From: Peter Zijlstra <a.p.zijlstra@chello.nl>
To: linux-mm@kvack.org
Cc: Rik van Riel <riel@redhat.com>,
Marcelo Tosatti <marcelo.tosatti@cyclades.com>,
Rahul Iyer <rni@andrew.cmu.edu>
Subject: Zoned CART
Date: Fri, 12 Aug 2005 16:37:09 +0200 [thread overview]
Message-ID: <1123857429.14899.59.camel@twins> (raw)
[-- Attachment #1: Type: text/plain, Size: 2183 bytes --]
Hi All,
I've been thinking on how to implement a zoned CART; and I think I have
found a nice concept.
My ideas are based on the initial cart patch by Rahul and the
non-resident code of Rik.
For a zoned page replacement algorithm we have per zone resident list(s)
and global non-resident list(s). CART specific we would have a T1_i and
T2_i, where 0 <= i <= nr_zones, and global B1 and B2 lists.
Because B1 and B2 are variable size and the B1_i target size q_i is zone
specific we need some tricks. However since |B1| + |B2| = c we could get
away with a single hash_table of c entries if we can manage to balance
the entries within.
I propose to do this by using a 2 hand bucket and using the 2 MSB of the
cookie (per bucket uniqueness; 30 bits of uniqueness should be enough on
a ~64 count bucket). The cookies MSB is used to distinguish B1/B2 and
the MSB-1 is used for the filter bit.
Let us denote the buckets with the subscript j: |B1_j| + |B2_j| = c_j.

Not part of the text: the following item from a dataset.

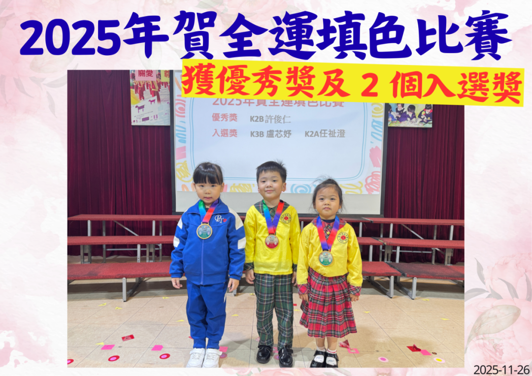 日前,培道南灣幼稚園開展「培道童趣滿 全運齊參與」活動,為讓幼兒融入第十五屆全國運動會的體育盛事中,幼稚園舉行了各項多元活動,包括各級參與了校外「賀全運 共慶盛會」著色繪本填色比賽,三位學生取得佳績,許俊仁獲優秀獎,盧芯妤及任祉澄獲入選獎。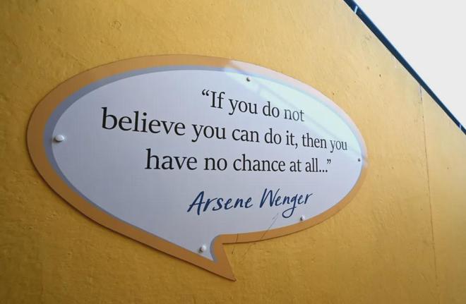 曼斯菲爾德的主場內(nèi)貼著一句溫格的名言:“如果你都不相信自己能做到,那么你就完全不可能做到……”

Each hand keeps a FIFO for its corresponding type: B1/B2; eg. rotating
H1_j will select the next oldest B1_j page for removal.
We need to balance the per zone values:
T1_i, T2_i, |T1_i|, |T2_i|
p_i, Ns_i, Nl_i
|B1_i|, |B2_i|, q_i
agains the per bucket values:
B1_j, B2_j.
This can be done with two simple modifications to the algorithm:
- explicitly keep |B1_i| and |B2_i| - needed for the p,q targets
- merge the history replacement (lines 6-10) in the replace (lines
36-40) code so that: adding the new MRU page and removing the old LRU
page becomes one action.
This will keep:
|B1_j| |B1| Sum^i(|B1_i|)
-------- ~ ------ = -------------
|B2_j| |B2| Sum^i(|B2_i|)
however it will violate strict FIFO order within the buckets; although I
guess it won't be too bad.
This approach does away with explicitly keeping the FIFO lists for the
non-resident pages and merges them.
Attached is a modification of rik his non-resident code that implements
the buckets described herein.
I shall attempt to merge this code into the Rahuls new cart-patch-2 if
you guys don't see any big problems with the approach, or beat me to it.
Kind regards,
--
Peter Zijlstra <a.p.zijlstra@chello.nl>
[-- Attachment #2: nonresident-pages.patch --]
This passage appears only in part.